Generally low and forward (long stem) for XC racing where speed and pedaling efficiency are key and up and back (short stem) for downhill where bike control and being able to lift the front wheel are more important than pedaling.

For general trail ride having the seat and bars at the same height seems to be about the norm.


----------



## wiggydiggy (19 Apr 2014)

marzjennings said:


> Generally low and forward (long stem) for XC racing where speed and pedaling efficiency are key and up and back (short stem) for downhill where bike control and being able to lift the front wheel are more important than pedaling.
> 
> For general trail ride having the seat and bars at the same height seems to be about the norm.



Cheers.

I think general trail is the way forward, we have various rides planned out and they are all trail-ey rather than XC/Downhill. 

I'm actually very comfy on the bike when out the saddle on climbs and rough bits, just need to raise a bit for the trails I think.


----------



## Cubist (20 Apr 2014)

Try and get used to the current position. If you raise the bars too much you end up with a bike that lifts the front wheel on climbs, and doesn't handle as well on fast carving singletrack. 

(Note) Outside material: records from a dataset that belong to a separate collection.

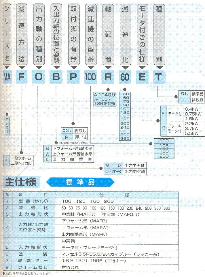 MA系列型號表示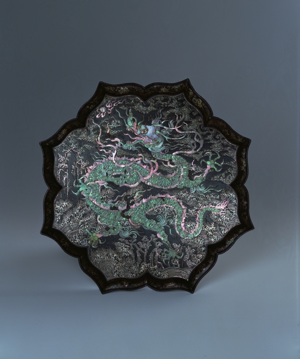 作品詳細:螺鈿によって、5本の爪をもつ龍が体を大胆にうねらせている姿が表されています。龍の鱗や、躍動する波がしらを見ると、貝を緻密に加工する高度な技術が用いられていることがわかります。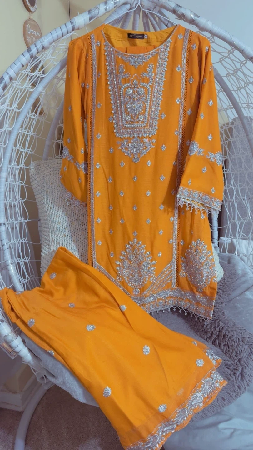 Mayo /Mehendi dress with intricate silver embroidery. This outfit includes a kameez and matching palazo pants. The embroidery is on the neckline, sleeves, and the front of the kameez. Perfect for cultural events or festive occasions!

You could try more of a riser bar if you don't get on with it, but I would avoid an adjustable stem, they aren't designed for off road riding. The clamping plates are on,y held together by a few alloy splines, and there is a potential for it to fail if all your weight goes through the bars on a steep downhill.


----------



## Pale Rider (20 Apr 2014)

Presumably a one piece riser stem would do the job and be safe:

http://www.wiggle.co.uk/bbb-bhs-25-...m_medium=base&utm_campaign=uk&kpid=5360444768

I'm not much of a mountain biker, but agree with Cubist about trying to get used to the riding position as it is.

Proper mountain bikers talk of the attack position, which wouldn't work with a high bar.

http://www.mtbtechniques.co.uk/FundamentalsAttack.html


----------



## ufkacbln (20 Apr 2014)

The problem with the riser bars (and the adjustable ones) is that they work in more than one dimension.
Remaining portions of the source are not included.